As for the forward-looking statements that relate to future financial results and other
projections, actual results will be different due to the inherent uncertainties of estimates, forecasts and projections and may be better or worse than projected and such differences could be material. Given these uncertainties, you should not place
any reliance on these forward-looking statements. Annualized, pro forma, projected and estimated numbers are used for illustrative purpose only, are not forecasts and may not reflect actual results.
Additional Information and Where to Find It
In connection with the proposed merger, Global Payments will file with the SEC a registration statement on Form S-4 to register the shares of
Global Payments common stock to be issued in connection with the merger.
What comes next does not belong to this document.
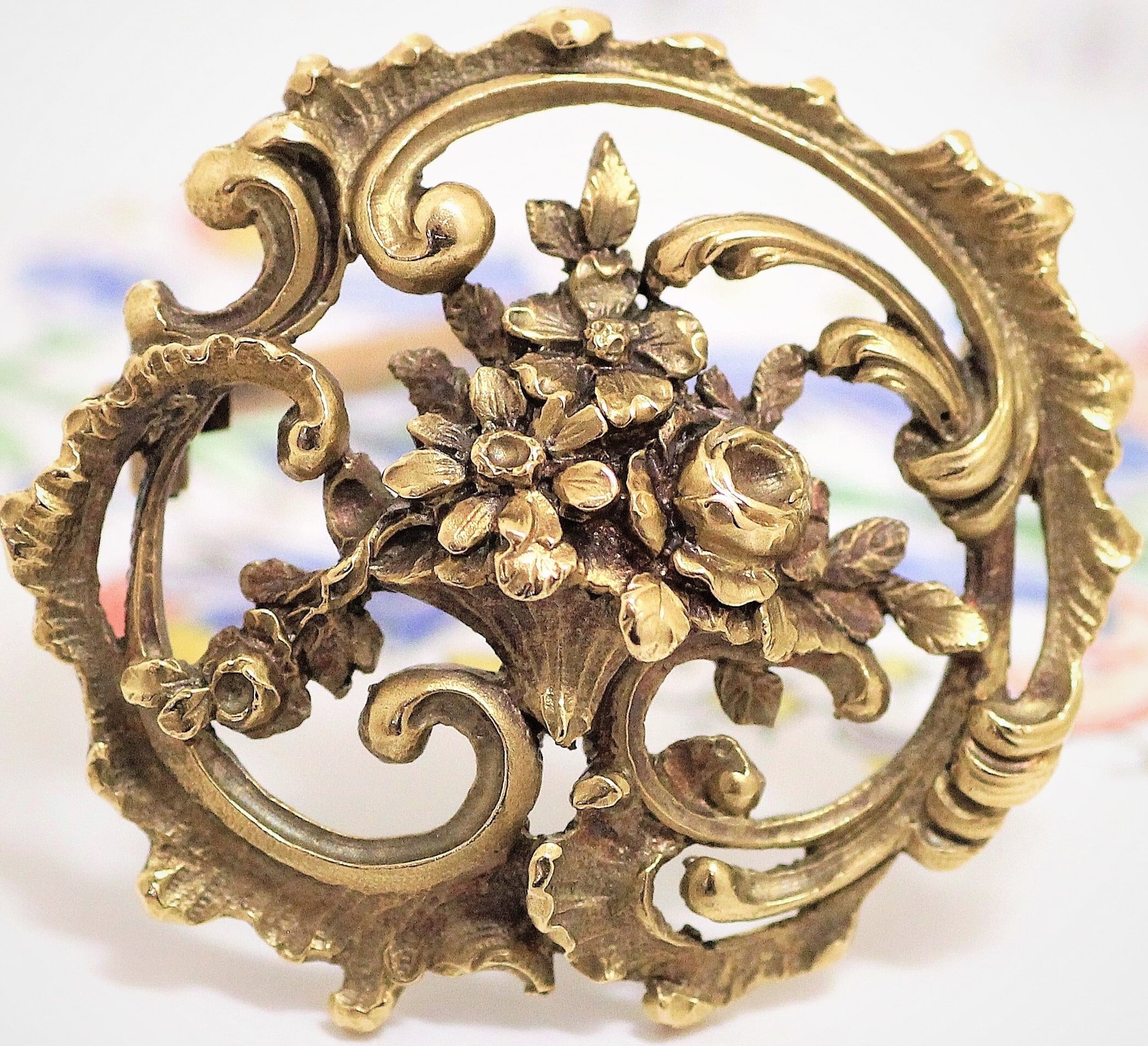 アーカンサスの葉模様と、C and S-scrolls スクロールの縁取りがされたアシメントリーフレームは、ロココデザインの基本的な装飾で、その中に花籠が置かれた愛らしいブローチ。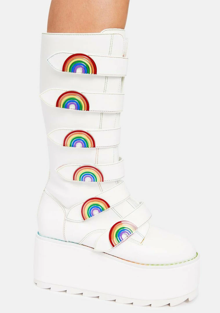 cuz itΓ’ΒΒs a colorful life! These knee high platform boots have a vegan leather construction, rainbow welt stitching, back zip closures, and tons of strap details with rainbow enamel charms.

The registration statement will include a joint proxy statement/prospectus which will be sent to the shareholders of TSYS and Global Payments seeking their approval of
their respective transaction-related proposals. INVESTORS AND SECURITY HOLDERS ARE URGED TO READ THE REGISTRATION STATEMENT ON FORM S-4 AND THE RELATED JOINT PROXY STATEMENT/PROSPECTUS INCLUDED WITHIN THE REGISTRATION STATEMENT ON FORM S-4, AS WELL
AS ANY AMENDMENTS OR SUPPLEMENTS TO THOSE DOCUMENTS AND ANY OTHER RELEVANT DOCUMENTS FILED OR TO BE FILED WITH THE SEC IN CONNECTION WITH THE PROPOSED MERGER, WHEN THEY BECOME AVAILABLE, BECAUSE THEY DO AND WILL CONTAIN IMPORTANT INFORMATION ABOUT
TSYS, GLOBAL PAYMENTS AND THE PROPOSED MERGER.
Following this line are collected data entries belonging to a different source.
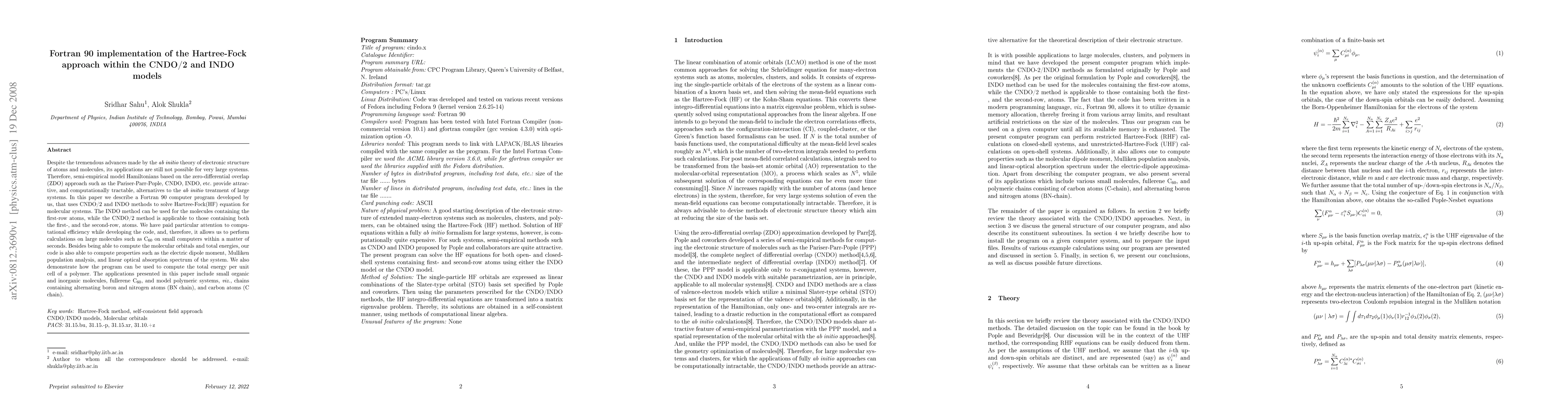 This paper presents a Fortran 90 implementation of the Hartree-Fock approach using CNDO/2 and INDO models, enabling efficient calculations on large molecules like C60 on small computers.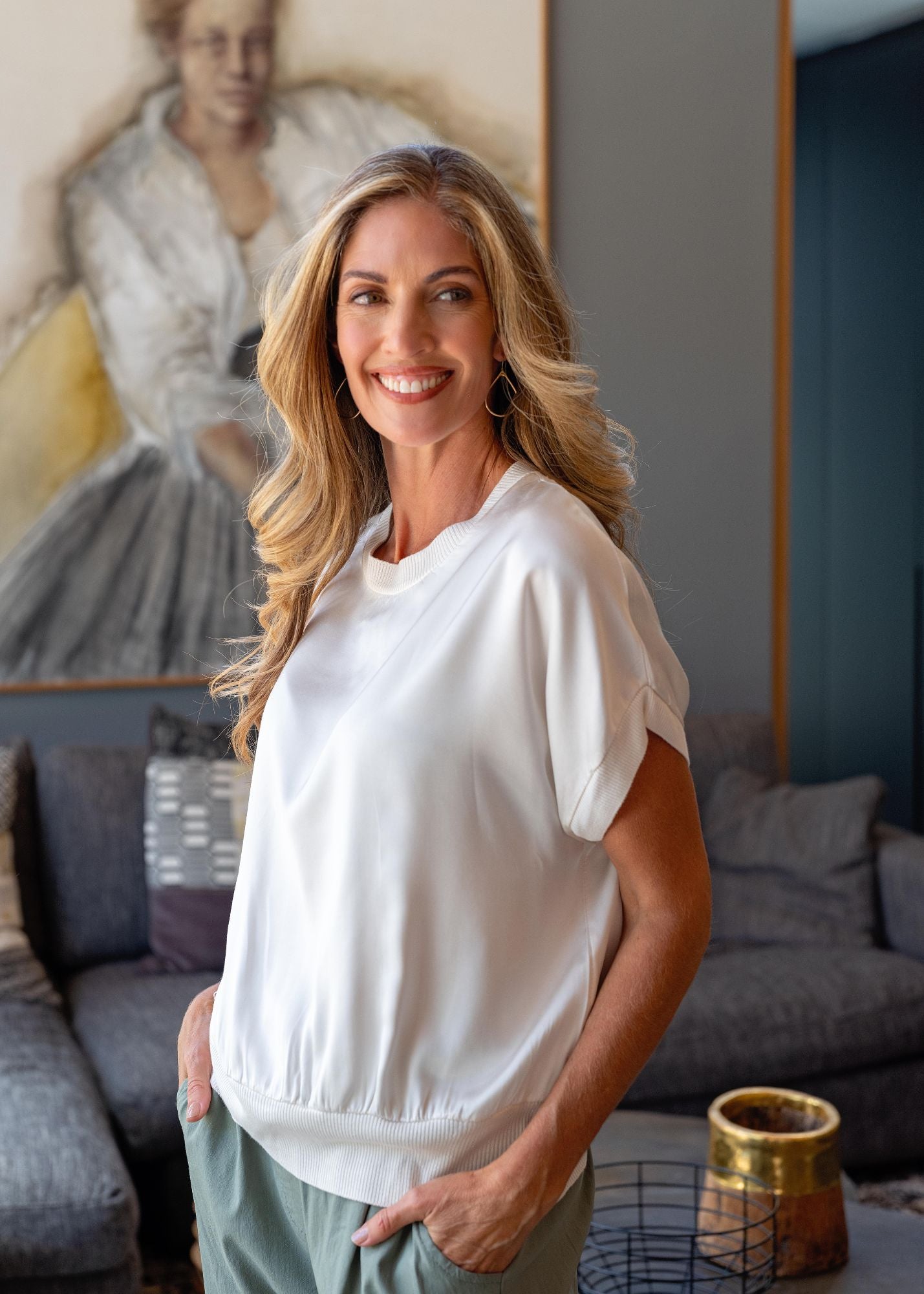 Designed with a classic crew neckline and a softly draped silhouette, it offers the perfect balance between relaxed comfort and polished style. Lightweight and breathable, it’s ideal for layering or wearing on its own through every season.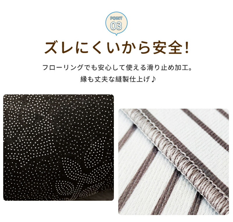 ズレにくいから安全!フローリングでも安心して使える滑り止め加工。縁も丈夫な縫製仕上げ♪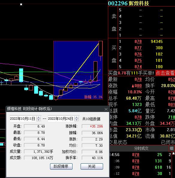 10月24日,熱門股輝煌科技再度漲停,截至收盤,報8.78元,連續(xù)2個交易日漲停,實現(xiàn)十連漲,期間累計漲幅達35.29%。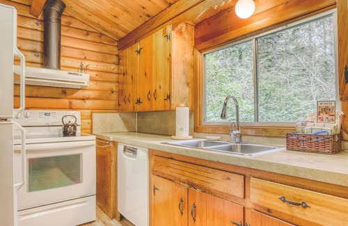 Refresh in the secluded, creekside setting of the Moondance Cabin, a Panabode Log Cabin with classic mountain charm and character. The warm and cozy wood log interior and the fireplace will be the perfect place to kick back and make the most of your Mt Hood vacation. Prepare a tasty dinner in the fully-equipped kitchen or grill on the gas BBQ on the creekside deck.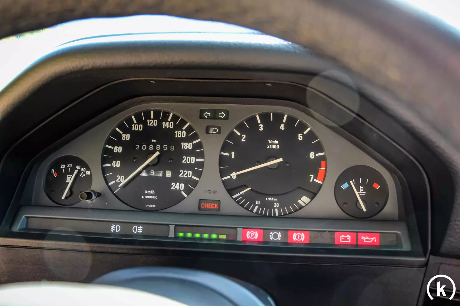 The speedometer has a mileage of about 208,000 kilometers. A partially kept checkbook is available as well as various older invoices and earlier TÜV reports. All displays in the instrument cluster work perfectly.

Investors and security holders may obtain copies of these documents free of charge through
the website maintained by the SEC at www.sec.gov or from TSYS at its website, www.tsys.com, or from Global Payments at its website, www.globalpaymentsinc.com. Documents filed with the SEC by TSYS will be available free of charge by accessing
TSYS website at www.tsys.com under the heading Investor Relations, or, alternatively, by directing a request by telephone or mail to TSYS at One TSYS Way, Columbus, Georgia 31901, and documents filed with the SEC by Global Payments will be
available free of charge by accessing Global Payments website at www.globalpaymentsinc.com under the heading Investor Relations or, alternatively, by directing a request by telephone or mail to Global Payments at 3550 Lenox Road, Suite 3000
Atlanta, Georgia 30326, Attention: Investor Relations.
Participants In The Solicitation
TSYS and Global Payments and certain of their respective directors and executive officers may be deemed to be participants in the solicitation
of proxies from the shareholders of Global Payments and TSYS in respect of the proposed merger under the rules of the SEC. Information about Global Payments directors and executive officers is available in Global Payments proxy statement
dated March 13, 2019 for its 2019 Annual Meeting of Shareholders. Information about TSYS directors and executive officers is available in TSYS proxy statement dated March 20, 2019 for its 2019 Annual Meeting of Shareholders. Other
information regarding the participants in the proxy solicitation and a description of their direct and indirect interests, by security holdings or otherwise, will be contained in the joint proxy statement/prospectus and other relevant materials to
be filed with the SEC regarding the merger when they become available. Investors should read the joint proxy statement/prospectus carefully when it becomes available before making any voting or investment decisions. You may obtain free copies of
these documents from Global Payments or TSYS using the sources indicated above.
No Offer Or Solicitation
This communication shall not constitute an offer to sell or the solicitation of an offer to buy any securities, nor shall there be any sale of
securities, in any jurisdiction in which such offer, solicitation or sale would be unlawful prior to registration or qualification under the securities laws of any such jurisdiction. No offering of securities shall be made except by means of a
prospectus meeting the requirements of Section 10 of the Securities Act.